Anti-terror legislation
A key domestic tool in the War of Terror has been draconian anti-terror legislation. Similar to the USA Patriot Act, Canada’s omnibus anti-terrorism legislation was introduced by the Liberals shortly after the events of 2001. After key controversial provisions expired in 2007 due to a sunset clause, the Conservatives fast-tracked Bill S-7, granting extraordinary powers for secret investigative hearings and preventative detention without charge.
As summarized by civil liberties groups, “Individuals could be forced to testify in a court of law, arrested, detained or made subject to bail conditions — all without charges being laid. Individuals have no right to know, and no opportunity to challenge, the basis on which they are being subjected to preventive arrest or required to attend investigate hearings.” People subjected to these provisions do not even have to be suspected of committing a crime; they can be charged by association, or be suspected of potential future involvement with an offence.
Entrenching racism
These laws not only fly in the face of the minimal standards of presumption of innocence and the right to due process, they are also selectively applied against racialized communities. This racist casting out within the colonial nation-state is not new or unique; it is evident in the experiences of segregation, War on Drugs, reserve system, and internment of Japanese-Canadians.
In the current context, Islamophobia is predicated on the ability to designate and vilify the “dual” citizen (the Arab-Canadian or Muslim-Canadian) as a potential terrorist threat, rendering every Muslim, Arab, and/or South Asian as an eternal Other and Outsider to the nation-state. Media rants about Islam being innately fundamentalist, conservative, barbaric and heteropatriarchal have become commonplace. By comparison, the massacre in Norway and Oak Creek gurudwara massacre were considered to be the acts of “lone” white men. As commentator Juan Cole blogs, “White terrorists are random events, like tornadoes. Other terrorists are long-running conspiracies. White terrorists are never called ‘white.’ But other terrorists are given ethnic affiliations.”
High-profile cases targeting Muslim men like the Toronto 18 or Secret Trial 5 or Momin Khawaja’s trial are taking place alongside daily — almost ritualistic — racial profiling of Arab, South Asian and/or Muslim communities: searched at airports, refused visas, inclusion on no-fly lists, denied employment, stopped and frisked by police, and vandalism targeting places of faith. According to Statistics Canada, police-reported hate crimes continue to be on the rise, with hate crimes due to race or ethnicity constituting half of all reported hate crimes.
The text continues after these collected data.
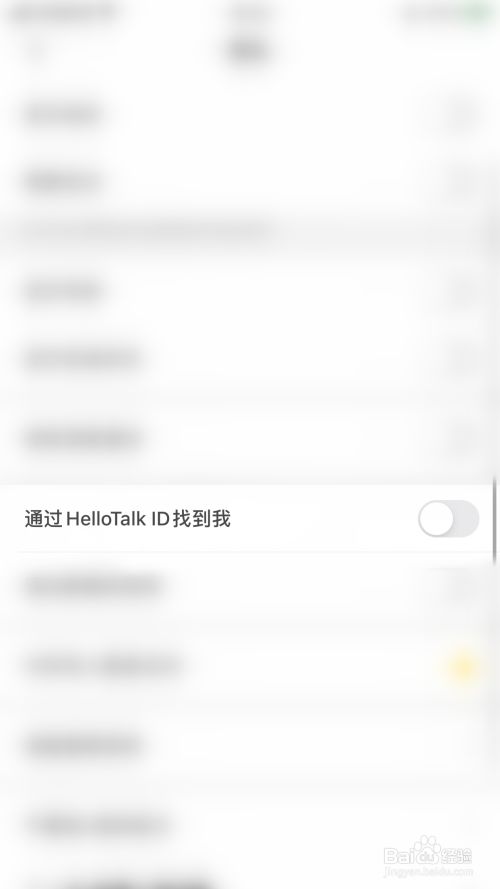 隐私设置界面点击“经由过程HelloTalk ID找到我”后面的圆点
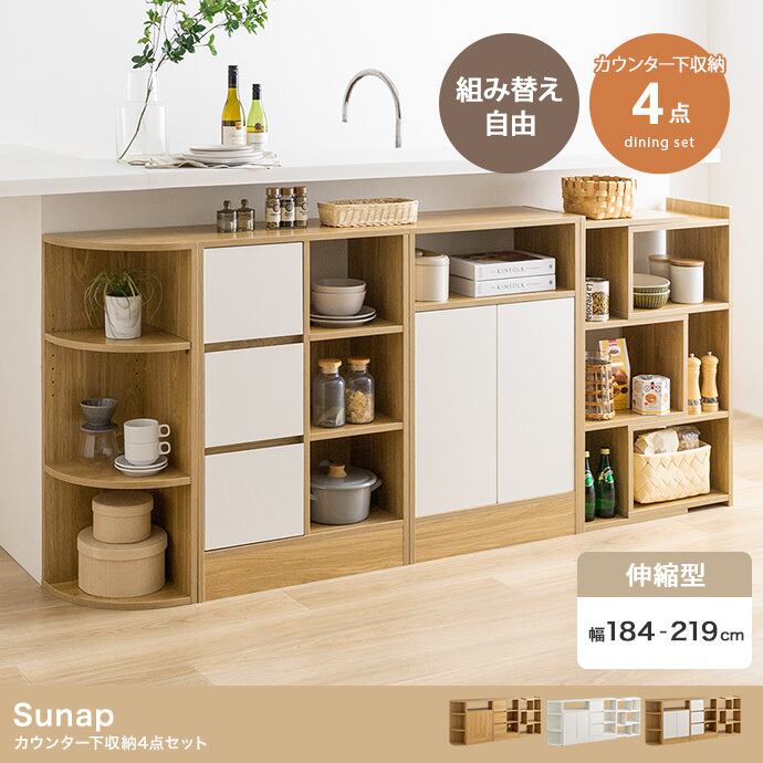 自由に組合わせてご自宅の空間にすっぽり置ける『Sunap』シリーズのカウンター下収納4点セット
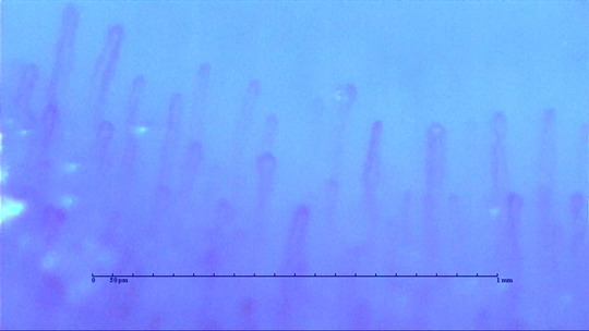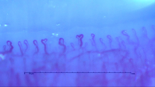 まっすぐに伸びたヘアピン状の毛細血管が規則正しく伸びている状態。もう少し毛細血管1本1本に太さがあれば、かなり正常で健康的な毛細血管と言えます。
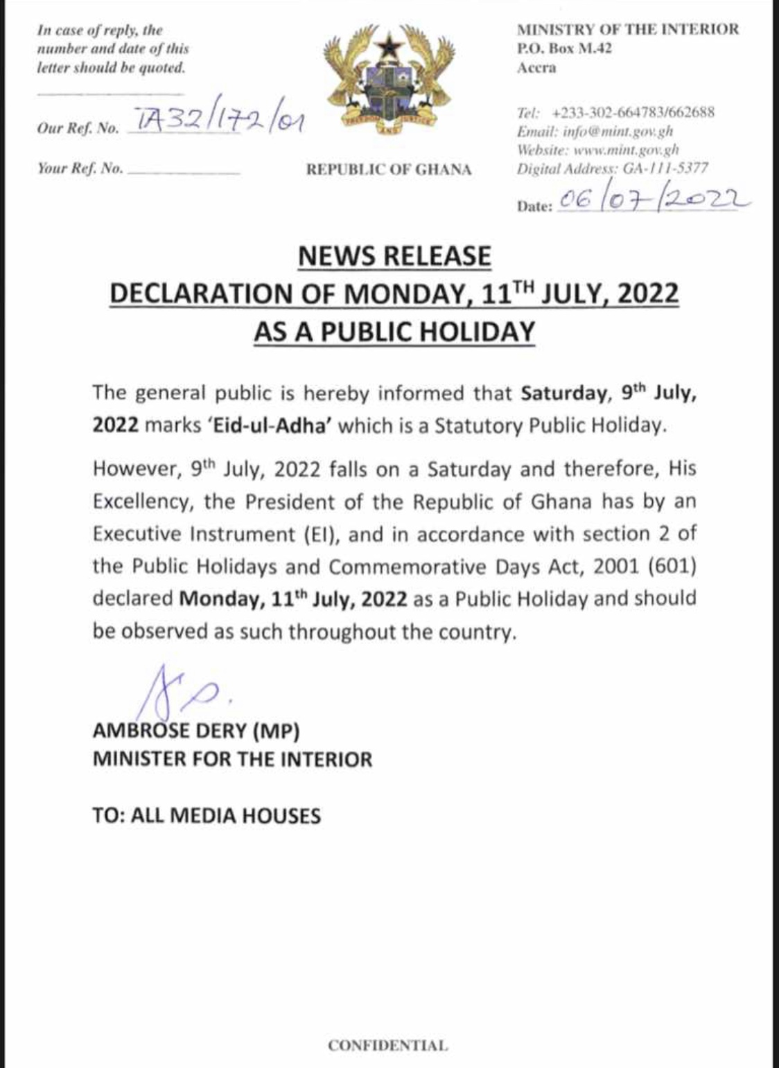 The information was contained in a statement issued by the Interior Minister, Ambrose Dery, on July 6.
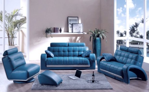 N'oubliez pas que le bleu peut être non seulement des surfaces familières, mais meubles rembourrés. Luxueux bleu le canapé, qui prendra sa place d'honneur contre un mur léger, zeste toute la pièce. Les oreillers peuvent être de n'importe quelle couleur, mais il vaut mieux avoir quelque chose en commun avec couleur du rideau ou d'autres éléments décoratifs. Bleu marine moquette combiné avec des murs plus légers créera une atmosphère confortable et légèrement mystérieuse. Et si votre salon pénètre doucement dans le hall et a des dimensions impressionnantes, vous pouvez utiliser des meubles aux couleurs chocolat noir. Un tel intérieur a l'air très noble et solide.
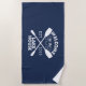 Add custom style to your weekend home with our lake house beach towel. Navy blue and white towel features "Welcome to the Lake House" in woodsy vintage typeface with a rope illustration and two crossed canoe paddles. Customize with the year you started life at the lake!
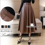 レザースカート レディース ロング丈 ベルト付き ハイウエスト フェイクレザー フレア Aライン 切り替え 秋 冬 着痩せ 通勤 エレガント 高級感

This interpersonal and institutional racism is enabled by the systemic racism of the Canadian state that disciplines marginalized communities into fear, submission and complacency. Provincial proposals to ban the niqab have subjected Muslim women to public scrutiny. Unannounced visits by CSIS to homes, workplaces and mosques are intended to coerce people to turn over information and become spies. Arab-Canadians and Muslim-Canadians across the country have been interrogated and illegally threatened with loss of status and citizenship. Now the new Stealing Citizenship Act (Bill C-24) legally gives immigration officials the power to strip Canadian citizenship of dual nationals, whether naturalized or Canadian-born like Omar Khadr.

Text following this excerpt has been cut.